Monika arched her eyebrows. Did Bruce actually care about whether or not something was socially unacceptable?

“Then we get to the eggs. Look around this place.” He waved his hand toward the kitchen of the deli where they were eating. “Who the fuck knows what happens back there? When do you think an inspector was last here checking on the sanitation conditions? Probably never. Then you have the fact that these scrambled eggs are made from some kind of dehydrated powder with God only knows what in it. The guy back there adds water and cooks it on a stove and then serves it to us calling it eggs, because if he called it ’rehydrated, yellow, egg-like powder with monosodium glutamate and a touch of cockroach carcass‘ nobody would buy it.”

“So why in the world are you eating it then?” she demanded.

Bruce smiled. “For two reasons. Number one, I’m a cop. I don’t make enough money to go to the nice restaurants and eat the good food. And number two, when you put them together in the right proportions, it’s delicious!” He spooned up another heaping load of rehydrated egg-like powder, balanced it on the cream cheese smothered bagel, and took another huge bite.

“Delicious!” he mumbled around the mouthful of food.

Monika sighed and ate another small bite from her muffin. As disgusting as the eating habits of her partner were, he actually managed to stay somewhat trim and in decent shape. In fact, he wasn’t bad looking and in another time of her life, she might have been interested in some kind of romantic involvement with him. As it was, though, she was entirely focused on her career.

Monika Sodafsky was thirty-five years old and had been a cop for ten years now. She loved being a detective and she loved working in homicide, the pinnacle of detective work, at least in her mind. She’d never been married and wasn’t planning on getting married for some time. Companionship was great and she missed it sometimes, but her career came first.

She sipped her coffee and tried to tune out the sound of Bruce eating as she stared out the window at the rain coming down. She had worked hard to get to where she was, and relationships were often distracting. In fact, her motto was Comfort is the enemy of success. She usually applied that motto just to her work, but she had come to realize that it applied to her personal life as well.

She had been in exactly three serious relationships in her life. The first had been during college at the University of Washington where she had dated the same guy for her entire sophomore and junior years. He’d been a soccer player and had decided not to return for his senior year, instead opting to try to make it as a professional. He’d wanted to continue dating, but they both knew it wasn’t going to work and they’d called it off.

The second serious relationship had been during her rookie year as a police officer. She’d begun dating another recruit from her same academy class. She thrived during her field training period, the time after a cop graduates from the police academy when they ride with a training officer to learn how actual police work is done. Her boyfriend, Nate, didn’t thrive. In fact, he struggled and, after six months of field training, he was fired by the department.

She still would have tried to make that relationship work, but Nate was threatened by her success in the same arena as his failure. She’d tried to make it easy on him, commiserating with him about the bad luck he’d had in training officer assignments and trying to make up complaints of her own in an attempt to sympathize with him. The problem was, Monika loved her job and she loved the Snohomish County Sheriff’s Office. Coming home every day after Nate was fired and trying to pretend she’d had a terrible day became a chore. It brought her down and she knew it was affecting her career.

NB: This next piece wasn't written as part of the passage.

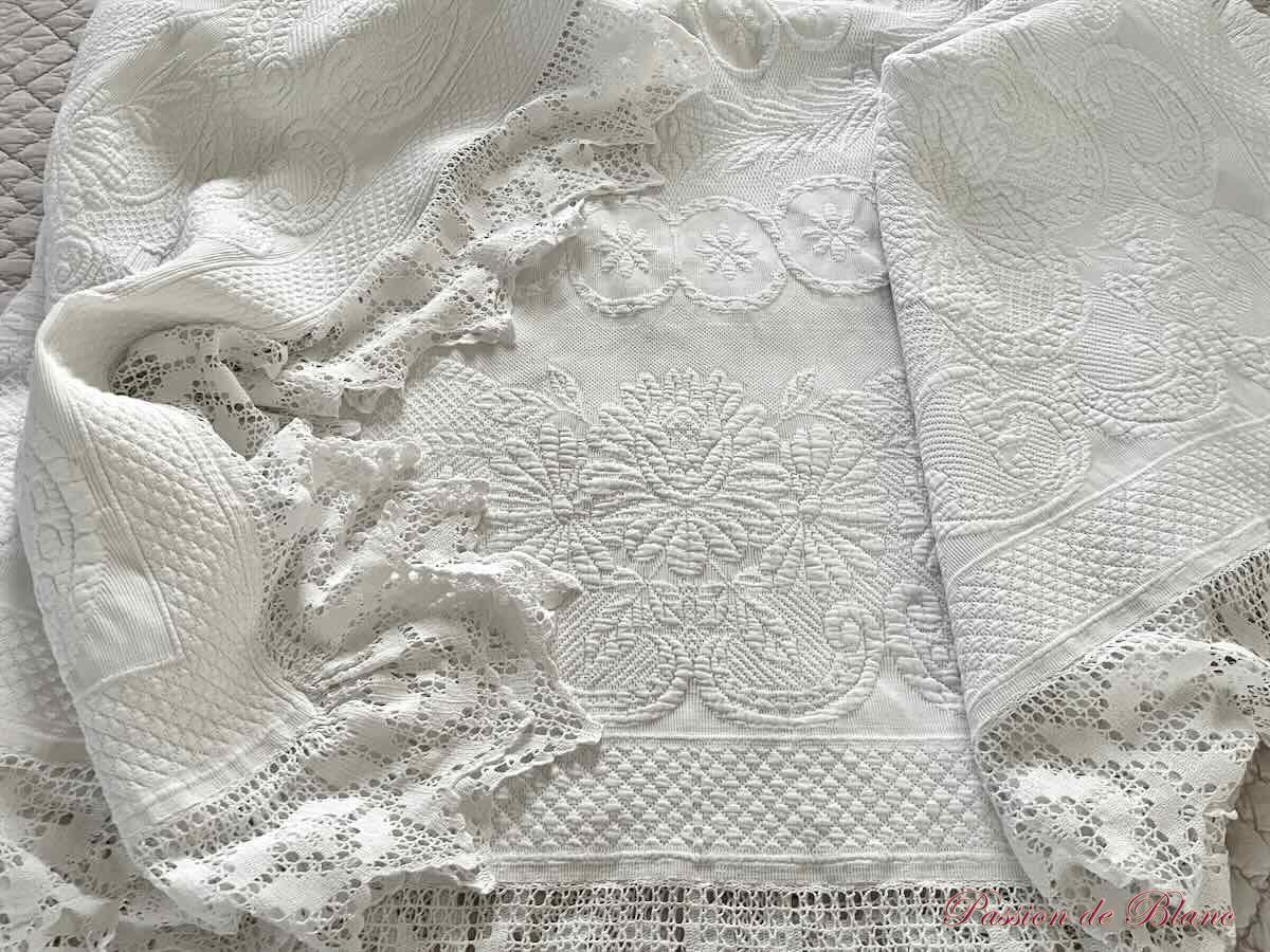 Superbe couverture en piqué Marseillais blanc avec relief motifs floraux

That was the first time she realized that relationships are bad for a career. She did some soul searching and came to the conclusion that in order to be everything she wanted to be in a cop, she had to lose the baggage. The baggage in this case had a big tag on it that read Nate.

After a nasty breakup, she spent three years being single before giving a relationship one more try, this time with a prosecuting attorney named Jacob who had hit on her relentlessly for months. She had finally acquiesced to his date requests and they’d gone out for the next three months.

The only reason Monika considered this a serious relationship was because she’d told Jacob that she loved him. It hadn’t been true, but what do you say when a guy says, “I love you”? “Thank you. That’s really sweet of you,” just doesn’t cut it. So she’d said, “I love you too,” just like a good girlfriend was supposed to do. A month later, he’d begun talking to her about moving in together and him taking care of her. He was surprised and hurt and angry when she broke up with him. She tried to explain that she’d made the decision to work on her career and that the relationship was doing nothing but interfering with that. He’d made a bunch of accusations that there was another guy (there wasn’t, of course) and had actually cried when she started to leave.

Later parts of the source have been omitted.